Addressing Ambient AI Scribe use in your NPP can benefit your compliance goals and your patients’ understanding. Here is how we recommend approaching it:
- Name the Technology. Don’t bury it in vague language about “technology-assisted documentation.” State clearly that your organization uses AI ambient scribing technology to capture and document clinical encounters.
- Explain Who Has Access. Because Ambient AI scribes processes PHI on behalf of providers, the scribe vendor is a business associate and must sign and abide by a business associate agreement (BAA). Your NPP should reflect that a third-party vendor may process audio or transcripts as part of your documentation workflow.
- Describe Data Handling Practices. Patients have a right to understand whether recordings are retained, how long transcripts are stored, and whether data may be used for model training. Your NPP and your business associate agreements should clearly address this.
- Address State Law. Many states regulate the recording of private conversations, with some requiring consent from all parties. Since violations can result in penalties, providers should check state consent rules before recording and always follow the strictest standard when unsure.

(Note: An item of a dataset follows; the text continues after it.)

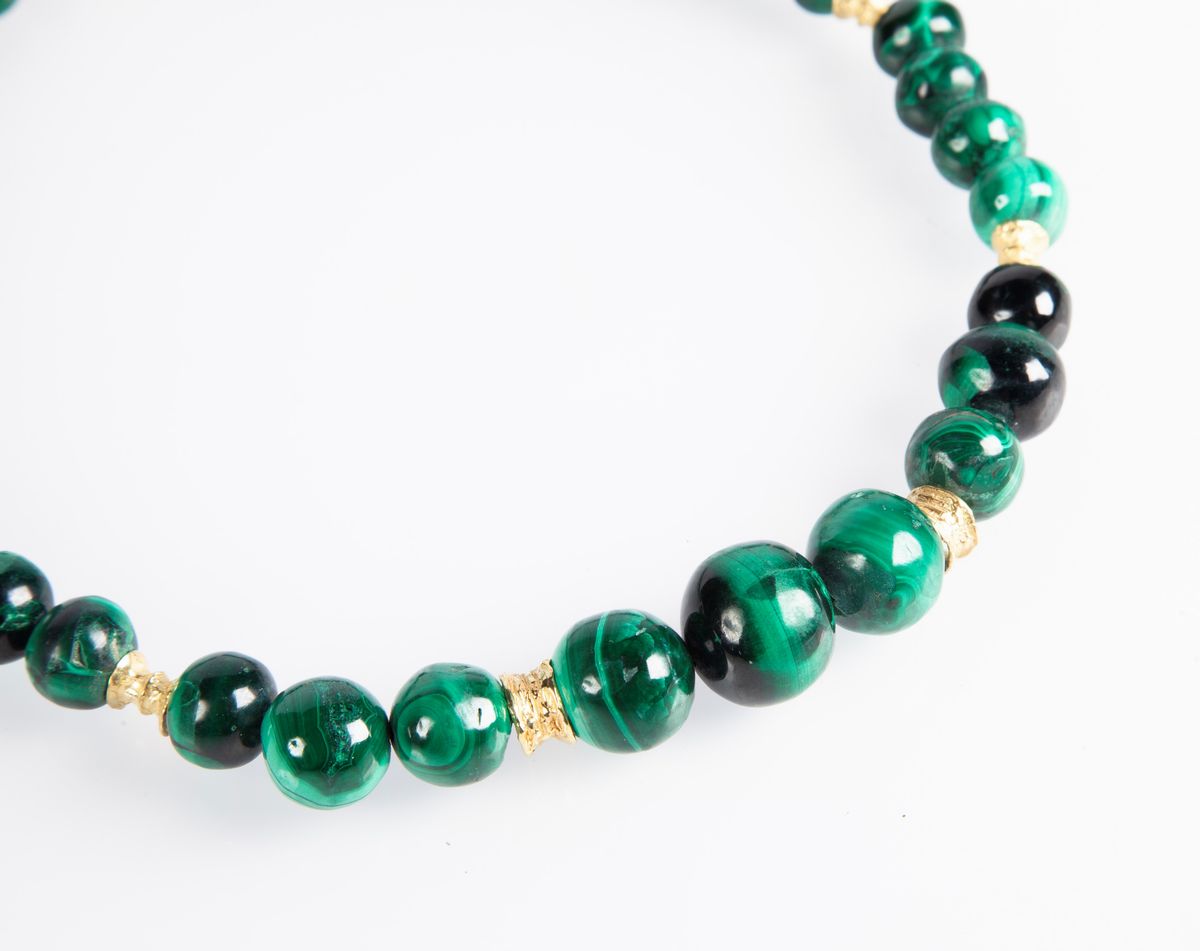 Oro giallo 750/000, malachite taglio sferico da mm. 9 a mm. 19. Peso complessivo gr. 166
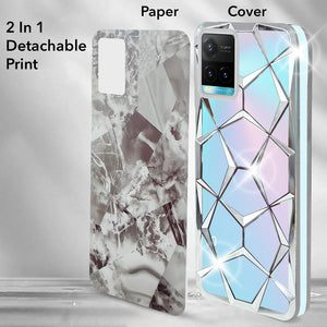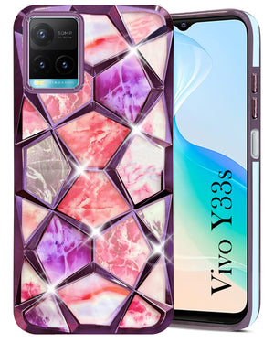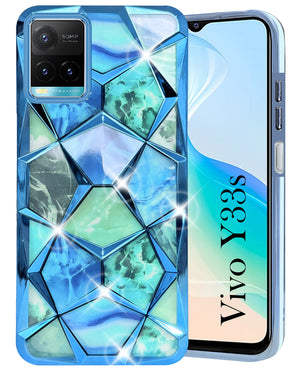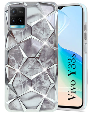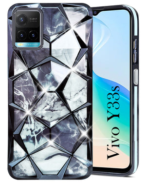 For Vivo Y33s Back Cover Case (Dual Design Glitter Sparkle and Detachable Diamond Print Case | Soft and Flexible)

- Offer a Path to Opt Out. If patients are not comfortable with AI recording, they should feel welcome to ask for a different way to document their patient visit. Letting patients know about this option and truly respecting their choice supports both compliance and a caring environment.
Ultimately, being open and transparent is what matters most. When patients know exactly how Ambient AI scribes are used in their health care and feel truly listened to, their trust in your commitment to respecting their rights grows even stronger.
The Bigger NPP Picture
Every update to your NPP is an opportunity to clarify and demonstrate how your organization supports patient rights in practice.
Healthcare organizations that stay ahead aren’t the ones who scramble before every deadline. They’re the ones who’ve built consistent, intentional compliance practices into daily operations. To do well, review your current NPP language, align it with organization or regulation changes, update your distribution practices, and retrain your workforce.
This post is intended for educational purposes and does not constitute legal advice. We recommend consulting with qualified healthcare legal counsel for guidance specific to your organization’s circumstances.